Нас было шестеро: один стихотворец из «Клуба-81», вечно пьяный, вечно неуместный — он во время драки пытался убежать, но делал вид, что пытается увести Лену; Ленин муж, который очень быстро оказался под столом, потом выяснилось, что у него перелом ребра и на этой почве пневмония; Дима Закс и Олег Юрьев, которые, кажется (пусть они мне простят, если я ошибаюсь), дрались в первый и, надеюсь, в последний раз в жизни и героически махали руками в разные стороны, пока маленькие корейские певцы применяли какие-то приемы какой-то восточной борьбы; ну, и я. Я сначала стояла в дверях, считая, что драка — не женское занятие, потом пошла разнимать дерущихся, тряся уже утомленных артистов за плечо и говоря что-то вроде: ребята, вы что с ума сошли, посмотрите, она же женщина, как вы можете. А они мне отвечали: «А чего она?», но по одному покидали поле боя. Было очень весело. А потом я всю ночь прикладывала Олегу к щеке снег с балкона (у него на следующей день было чтение пьесы). А Дима потерял зуб. Но я уверена, что потери врага были больше.

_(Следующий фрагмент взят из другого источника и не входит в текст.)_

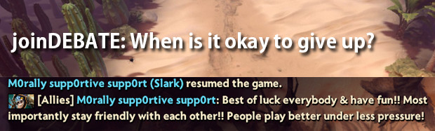 In the past when the joinDOTA League was going on - it's coming back soon please no more PMs - I formed a team with our staff. One of the staff members was a 5K MMR+ player who was always keen for us to give up and move on to the next game whenever he decided we were in a losing position. However, the lower MMR players in the group were generally more keen to never give up and never surrender because there still might be a chance to turn it around.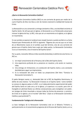 La Renovación Carismática Católica (RCC) es una corriente de gracia mediante la cual el Espíritu Santo lleva a los creyentes a vivir de manera vivencial el Cuerpo de Cristo. La RCC involucra una conversión constante a Dios y una docilidad creciente al Espíritu Santo. Más que un movimiento, la RCC es la Iglesia en movimiento renovada por el Espíritu Santo. La RCC se centra en un mejor conocimiento de la Persona y Obra del Espíritu Santo y en una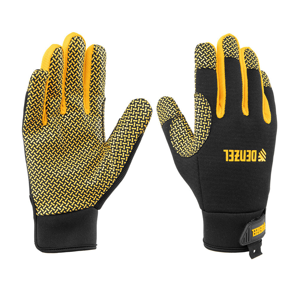 Перчатки полиамидные с силиконовым покрытием усиленные на липучках Denzel черно-желтые 10 (XL)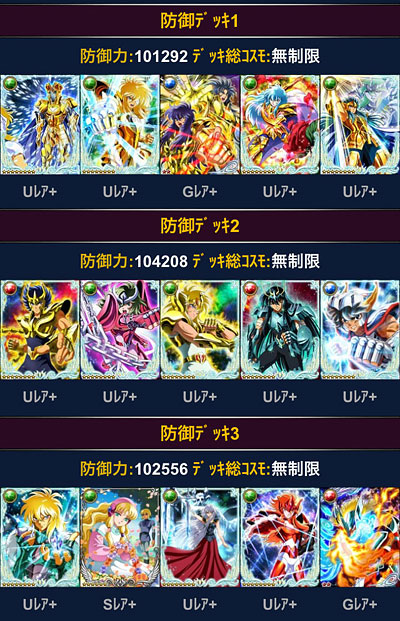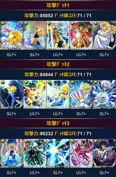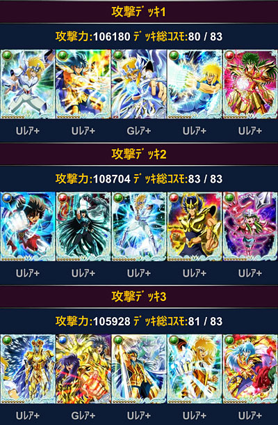 聖闘士星矢 ギャラクシーカードバトル(31) 新ガチャの瞬ちゃん、何コレ素敵!しかも珍しく覚醒後の絵柄イイ!w しかも、このモーションは・・・ッ!!以前、こんな『独り言』を書いたけど、まさに、バルゴの後継者って感じですな。いやぁ、最近、ネタが無くなったのか何なのか、モバ星さんの公式の二次創作っぷりが素晴らしいですなwこの美麗絵で、原作やアニメの再現だけでも素晴らしいのに、(アニメは一部作画がね・・・ゴニョゴニョ)原作やアニメでは見れない創作も投入してくるとは、頑張ってますねぇ。ところで、先日は黄金一輝さんが居たような気がするけど、これ兄弟ネタが続いてるだけなのか、それとも、新柄で水瓶座・氷河さんも来ちゃうのか??アイザック買おうかと思っていたけど、修復貯めておいた方が良さげか?アイザック解禁まで時間あるし、もう少し様子をみよう・・・。*** ビッグバンコスモもGW中ですが、モバ星でもGW始まりましたね。今回は変更点も少なく、前回のデッキをそのまま流用出来るので、ちょっと手直しする程度で済んだわ。ってことで、自分用メモも兼ねて今回のデッキを公開。<青銅クラス>※攻撃のみ 3デッキとも同じくらいの攻撃力ですが、攻撃デッキ2の火力がよく伸びる。単色だと、やっぱ強いな。その代わり相手がダウン系で攻めて来たらアウトですけどwそして防御デッキは、上位クラスの人たちにフルボッコにされるので、今回は設定ナシにしてみようかと。青銅クラスの防御デッキは白銀・黄金クラスからも攻撃対象になるとか、クラス分けしてる意味ないし・・・それじゃ返り討ち率低くなるわな。<白銀・黄金クラス>※デッキ共通 私のメインデッキは、白銀クラスのコスト制限以内に収まってしまうので、白銀と黄金は同じデッキですwつまり、それって実力的には白銀クラス、なんだろうなぁ、と。。。ま、モバ星のGWは、行ける所まで適当に頑張る。ミッション報酬で貰えるもんは貰っとく。・・・というスタイルだから、今回もそれでwデッキの純粋な強さを試せる機会だから、勝ち負けより、その辺を楽しもうと思います。それよりも、ビッグバンコスモのGWの方が難関だよ。。。覚醒アテナ欲しいのに〜(泣 [1回]PR

Известно, что у каждого человека есть свой возраст. Есть люди старости, которые постепенно, с течением жизни входят в свой возраст и, соответственно, чем старше они становятся, тем уютнее они себя чувствуют в мире. А есть люди юности. Лена была человек юности. Почти ребенком она уже писала гениальные стихи. Причем это не была певучая птичья гениальность, полуосознанная, полуподслушанная. С самого начала особенностью поэтики Елены Шварц был интеллект. Сильный, ясный, независимый ум. Поразительные формулы. Разряды мысли. Главным элементом ее стиховой ткани были не строчка, не слово, не звук, не интонация (хотя все это тоже было), а мысль. Все, кто последние двадцать лет перенимал ее приемы, перенимал именно интонацию, мелодику, принципы построения ритма. Ум гораздо труднее присвоить. Вот, например, у Бродского легко воруется интонация, потому что именно она была его главным открытием. Поэтому эпигоны Бродского стирают, уничтожают его интонацию, не то что они перестают от него отличаться, а в результате он перестает отличаться от них — Бродский тонет в затирающем его индивидуальный голос общепоэтическом языке. С Еленой Шварц все гораздо сложнее. Внешние приметы ее стихов обманчивы, хотя и заманчивы. При этом нельзя не признать, что и утвержденные ею формальные приемы очень повлияли на поэзию девяностых и нулевых годов.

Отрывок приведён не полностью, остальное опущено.